In this study, the analysis of phase-plane trajectories of the observed system versus the prediction was carried out across different brain regions in order to gain a better understanding of the mechanisms underlying seizure initiation and propagation within the proposed approach (cf. FIG. 4). For different brain node types (e.g., EZ, PZ, and HZ), the dynamics of seizure initiation and recruitment in the phase-plane was captured well by the prediction. From inference perspective, a good correspondence was observed to the phase portraits of the observed system including equilibria (the intersection of the nullclines), the stability or instability of the equilibria, and the flow of trajectories. These results validate our Bayesian inversion procedure in order to understand the spatiotemporal evolution of seizure activity, paving the way for further studies on possible seizure prevention approaches.

Both NUTS and ADVI schemes were used to infer the spatial map of epileptogenicity in a personalized whole-brain model of epilepsy spread. The results from both inference schemes led to similar estimation of spatial map of epileptogenicity across brain regions, except that the ADVI slightly underestimate the variances compared to the estimations by NUTS algorithm (cf. FIG. 5). The similarity between the inversions using the two schemes indicates that the variational approximation offer an appropriate alternative to NUTS sampling in BVEP model inversion. Our results demonstrated that there is a clear reduction in computational cost in performing the inference by ADVI compared to NUTS (4-5 times faster for the used algorithm configurations), which may be important when applying BVEP approach to large data sets of patient cohort. While it is generally known that ADVI is more computationally appealing than NUTS, however, it can be challenging to discover algorithmic problems with this approximation. The convergence of ADVI can be assessed by monitoring the running average of ELBO changes, whereas NUTS is furnished with several general and specific diagnostics to assess whether the Markov chain has converged. In addition, ADVI may get stuck in local minima during gradient descent optimization and its mean-field variant is unable to cover all the modes of the multi-modal posterior densities.

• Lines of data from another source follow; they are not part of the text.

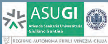
REGIONE AUTONOMA FRIULI VENEZIA GIULIA ASUGI - Azienda Sanitaria Universitaria Giuliano-Isontina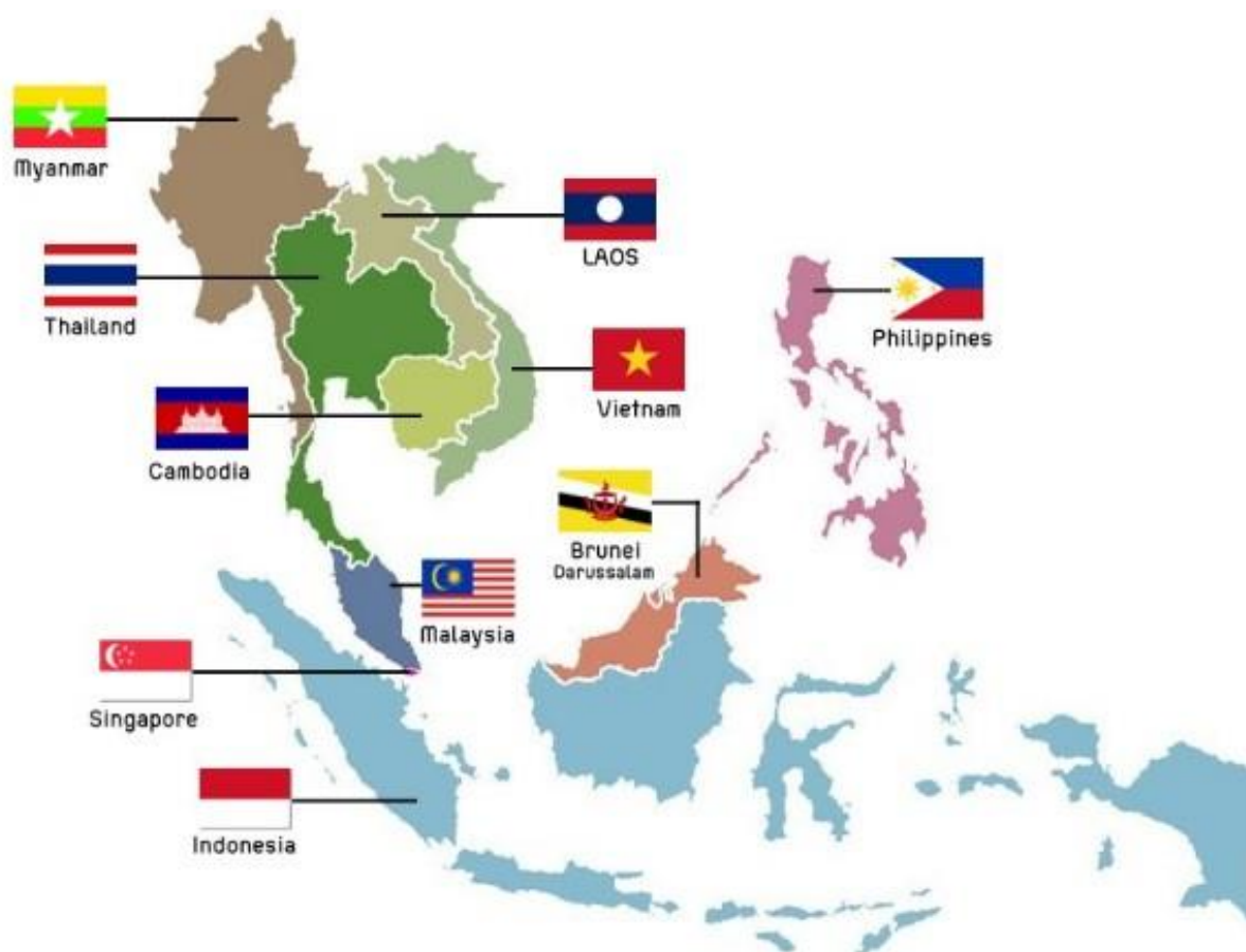
Figura 1: Países Membros da ASEAN.

Filipinas e Tailândia, aliados dos Estados Unidos durante a Guerra Fria. Em 1984, Brunei se uniu ao grupo e, nos anos 1990, Vietnam, Lao, Mianmar, Camboja passaram a integrar a Associação para cooperação na Ásia (ASEAN Secretariat, 2014). Se abrindo, assim, para países socialistas. Essa integração conta com dez parceiros- Austrália, Canadá, China, Índia, Japão, Rússia, Nova Zelândia, Coreia do Sul, Estados Unidos da América e União Europeia.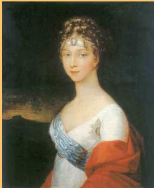
Неизвестный русский художник

В 1817 году императрица познакомилась с историком Николаем Михайловичем Карамзиным, и вскоре между ними установились дружеские отношения. Со временем их отношения стали настолько доверительными, что императрица читала ему вслух свои дневники, которые она вела со времени приезда в Россию. Об этой подробности сообщил сам Карамзин перед смертью. Императрица хотела завещать свой дневник именно ему, но историк умер через две недели после кончины Елизаветы Алексеевны (простудившись на Сенатской площади), и потому её желание не было выполнено, дневник был сожжён Николаем I.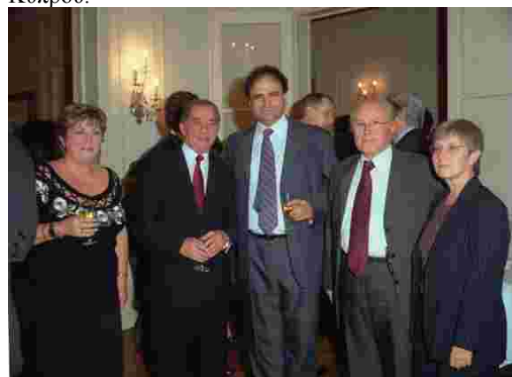
Η κα Σ. Θεοδορίδου, ο πρόεδρος Τάσος Παπαδόπουλος, Ε. Μαυρομμάτης, Α. Τσαπής και Ρ. Τσαπή

Η επίσημη επίσκεψη του προέδρου της Κυπριακής Δημοκρατίας στο Παρίσι στις 4 και 5 Νοεμβρίου 2005 έδωσε την ευκαιρία να ακουστούν στο γαλλικό χώρο, για ακόμη μία φορά, τα προβλήματα που ταλανίζουν τη Κυπριακή Δημοκρατία και ιδιαίτερα να τονιστεί το γεγονός ότι η Τουρκία κατέχει, παραβιάζοντας τους κανόνες του διεθνούς δικαίου, το βόρειο τμήμα της Κύπρου.

Lastly, the efficiency of transformed non-centered parameterization was investigated. In agreement with previous studies showing that NUTS is sensitive to the parameterization, our results indicated that the non-centered form of parameterization to invert the nonlinear state-space equations yields an efficient parameter-space exploration, whereas the centered form of sampling demonstrates an inefficient exploration due to the high collinearity between model parameters (see FIGS. 6A and D versus FIGS. 6B and E). In addition, based on the convergence diagnostics such as R̂, we demonstrated that the samples generated by NUTS converged faster in the non-centered parameterization compared to the centered form of parameterization.

A novel approach to build personalized in-silico brain network models based on Bayesian inference within PPL tools such as Stan and PyMC3. Although several PPL libraries have been developed for Bayesian inference, only a few of them are built around efficient sampling algorithms such as NUTS that avoids the random walk behavior and sensitivity to correlated parameters. Both Stan and PyMC3 provide NUTS and ADVI with automatic differentiation to efficiently compute gradients without requiring user intervention. Stan is a generic and flexible software package that has interfaces for common data science languages, also providing extensive diagnostics for MCMC convergence. PyMC3 provides several MCMC algorithms by model specification directly in native Python code. Our implementation in both Stan and PyMC3 result in similar estimation of spatial map of epileptogenicity across brain regions indicating that BVEP is a platform-independent approach. However, a larger number of warm-up iterations were required in PyMC3 to arrive at the same posterior convergence achieved by our implementation in Stan. This is due to the differences in implementation of NUTS in Stan and PyMC3. Comparison of the implementations in Stan, PyMC3 and other alternative PPL packages is beyond the scope of this note.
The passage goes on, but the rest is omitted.